▶ **What is expected**
Exact copy, no pictures: reproduce every record below as it stands.

▶ **Data in this exercise**

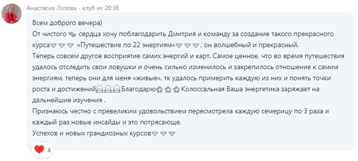 Благодаря информации курса вы сможете понять суть энергий, увидеть себя на лестнице из 22 ступеней, определить - что нужно, чтобы пойти дальше, что вас сдерживает и не даёт открыть потенциал энергий, записанных в вашей дате рождения.
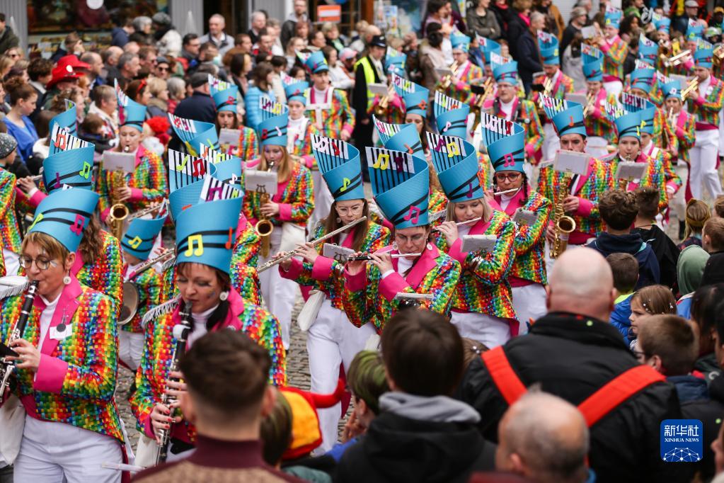 3月19日,在比利时东部的小城斯塔沃洛,乐手在狂欢节游行上演奏。
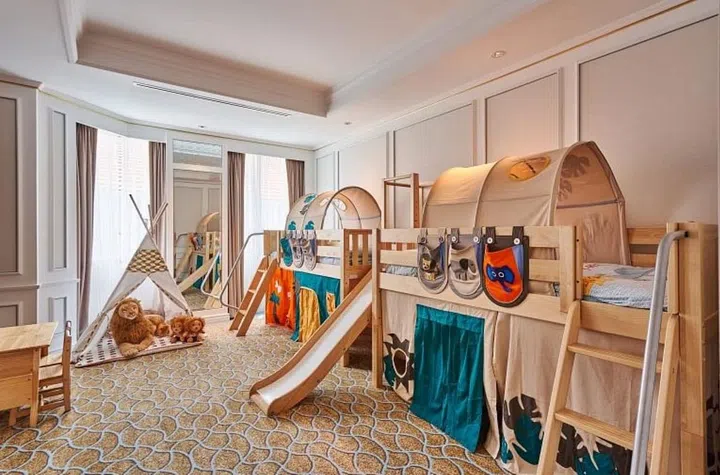 InterContinental Singapore动物主题亲子套房采用日本简约木色风格,房间面积达到52平方米,适合两名成人和两名孩子入住。房间内设计了定制双层儿童床,床上覆有半圆形的床罩,营造出半私密的空间感,与互动儿童区、迷你活动桌和儿童帐篷相连。孩子们早上醒来后可以顺着滑梯滑下床,这不仅让起床时光更有趣,还能减少一些起床时的不适感。此外,房间还提供室内娱乐设施、银河小夜灯、DVD电影娱乐与爆米花,以及成人和儿童的晚餐套餐和迎宾礼品。
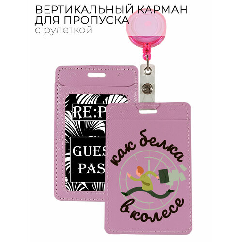 Чехол (бейдж) для пропуска и карт на рулетке с принтом "Squirrel in the Wheel"
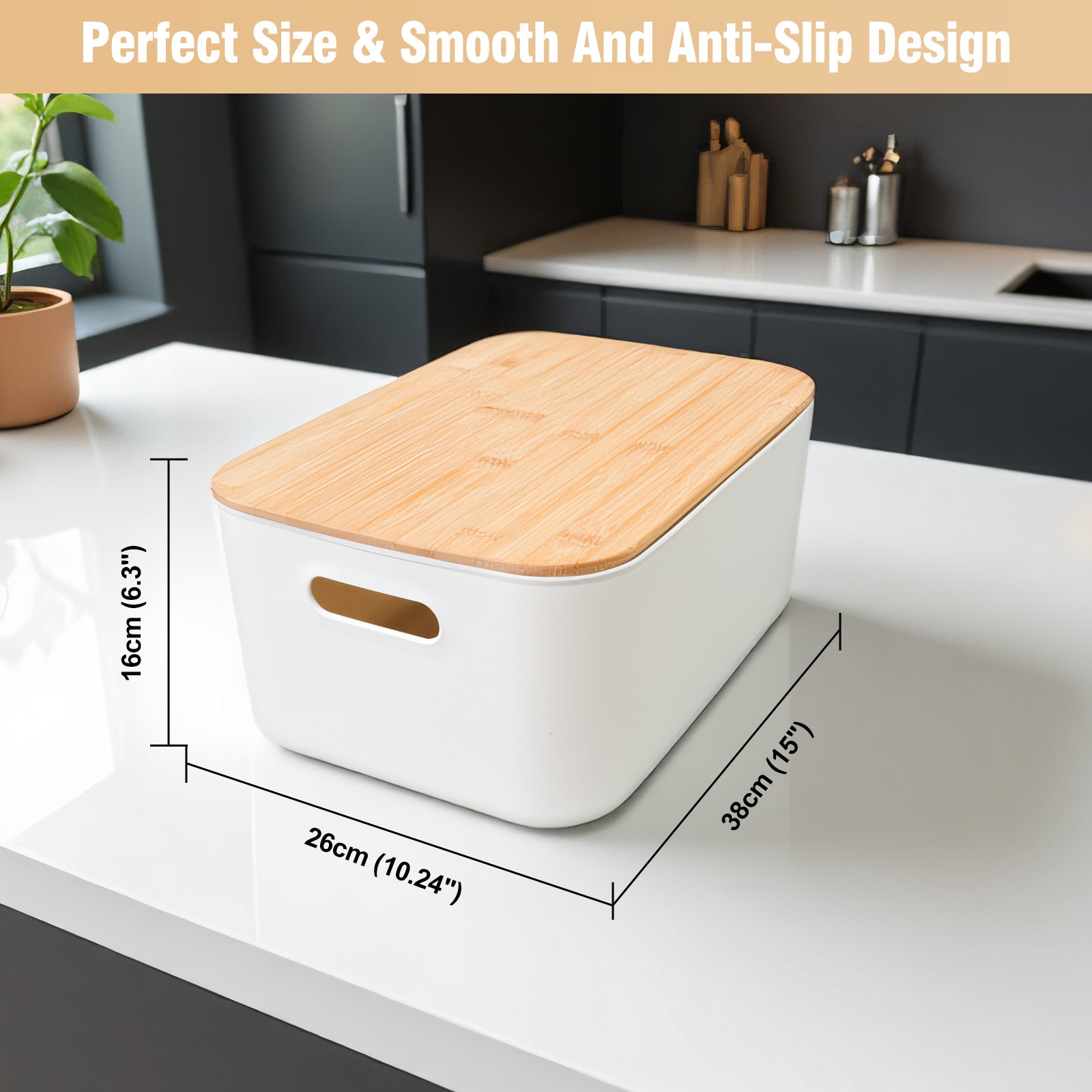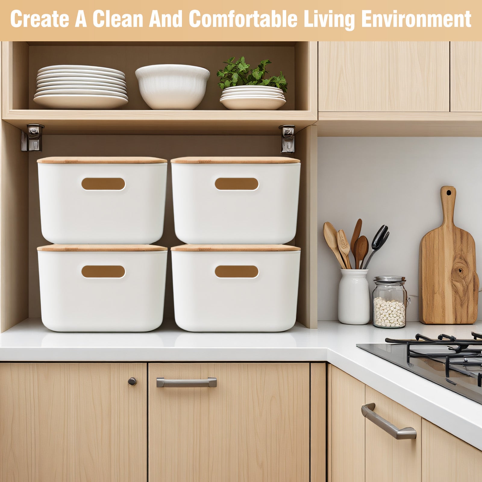 CATGOOD Storage Bins with Bamboo Lids 2 Pack, White Stackable Storage Bins with Lids for Kitchen, Cabinet, Bathroom, Plastic Storage Baskets, Premium Minimalist Boxes, 15"x10.24"x6.3"

▶ **Answer space**
 Благодаря информации курса вы сможете понять суть энергий, увидеть себя на лестнице из 22 ступеней, определить - что нужно, чтобы пойти дальше, что вас сдерживает и не даёт открыть потенциал энергий, записанных в вашей дате рождения.
 3月19日,在比利时东部的小城斯塔沃洛,乐手在狂欢节游行上演奏。
 InterContinental Singapore动物主题亲子套房采用日本简约木色风格,房间面积达到52平方米,适合两名成人和两名孩子入住。房间内设计了定制双层儿童床,床上覆有半圆形的床罩,营造出半私密的空间感,与互动儿童区、迷你活动桌和儿童帐篷相连。孩子们早上醒来后可以顺着滑梯滑下床,这不仅让起床时光更有趣,还能减少一些起床时的不适感。此外,房间还提供室内娱乐设施、银河小夜灯、DVD电影娱乐与爆米花,以及成人和儿童的晚餐套餐和迎宾礼品。
 Чехол (бейдж) для пропуска и карт на рулетке с принтом "Squirrel in the Wheel"
 CATGOOD Storage Bins with Bamboo Lids 2 Pack, White Stackable Storage Bins with Lids for Kitchen, Cabinet, Bathroom, Plastic Storage Baskets, Premium Minimalist Boxes, 15"x10.24"x6.3"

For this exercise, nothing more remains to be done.